TASK DETAILS
Extract exactly and only the lines from the one containing "Test Bank for" through the end of the entries below. Pictures should not appear in the copy.

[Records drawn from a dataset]
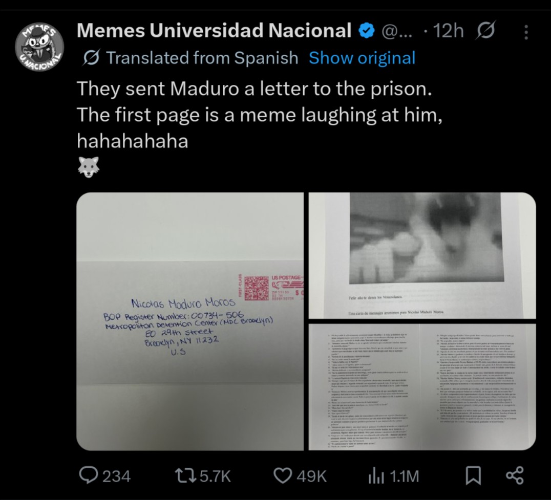 >>525507992So was the picture of the letter posted by the person who sent it, or did the jail actually open it and share?Can we even know if Maduro ever receives it?
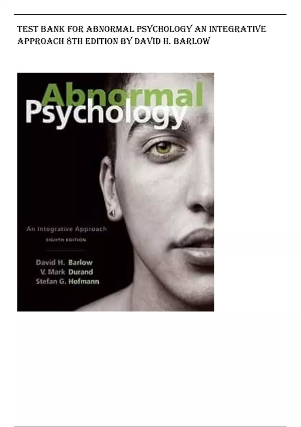 Test Bank for Abnormal Psychology An Integrative Approach 8th Edition By David H. Barlow
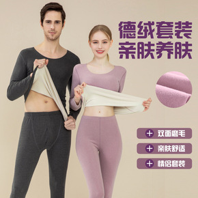 秋冬季保暖内衣套装男平板德绒包边锁温速热情侣塑身打...
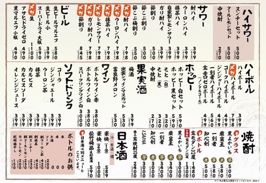 漁からお店までをすべて自社で一貫して”船直鮮魚”をコンセプトにする『アカマル屋鮮魚店』。この度の新メニューでは酎ハイ、ウーロンハイをはじめとしたサワーやハイボールなどが税抜399円~となり、より気軽に「鮮魚料理×アルコール」をお楽しみいただけるようパワーアップいたします。
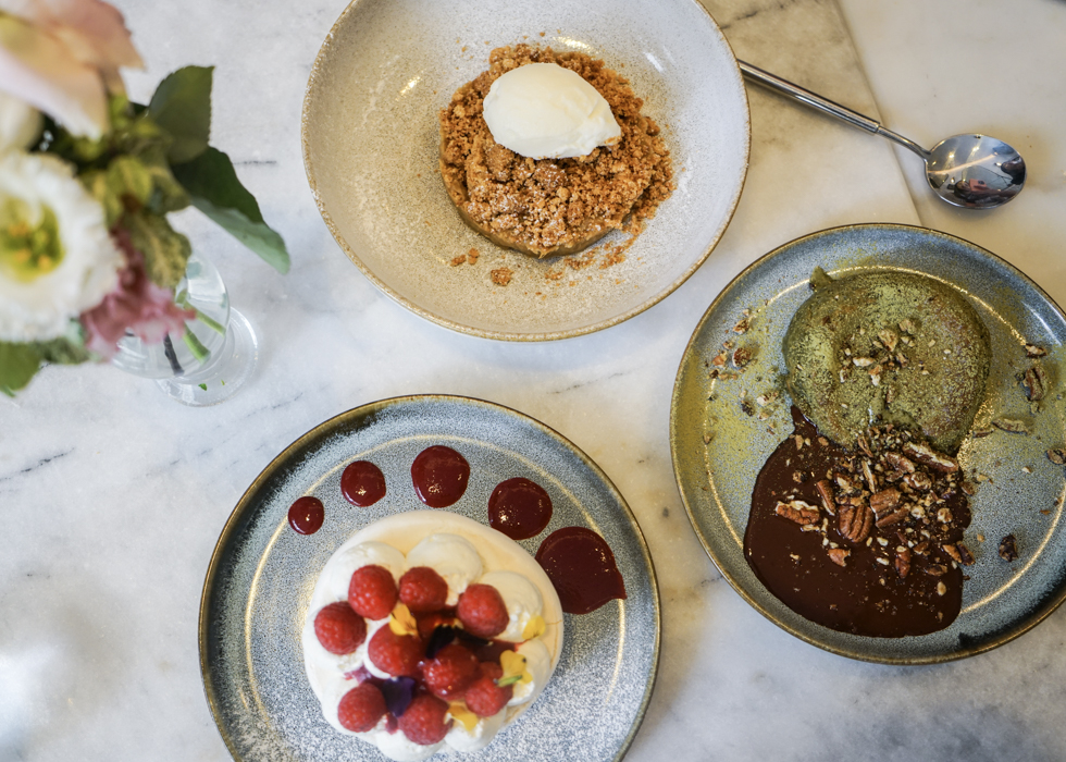 A divine dessert masterpiece. The pavlova adorned with luscious raspberries pairs flawlessly with mascarpone mousse, while the basil-infused red fruit coulis adds a refreshing finishing touch. Exquisite indulgence awaits.

EXPECTED OUTPUT
 Test Bank for Abnormal Psychology An Integrative Approach 8th Edition By David H. Barlow
 秋冬季保暖内衣套装男平板德绒包边锁温速热情侣塑身打...
 漁からお店までをすべて自社で一貫して”船直鮮魚”をコンセプトにする『アカマル屋鮮魚店』。この度の新メニューでは酎ハイ、ウーロンハイをはじめとしたサワーやハイボールなどが税抜399円~となり、より気軽に「鮮魚料理×アルコール」をお楽しみいただけるようパワーアップいたします。
 A divine dessert masterpiece. The pavlova adorned with luscious raspberries pairs flawlessly with mascarpone mousse, while the basil-infused red fruit coulis adds a refreshing finishing touch. Exquisite indulgence awaits.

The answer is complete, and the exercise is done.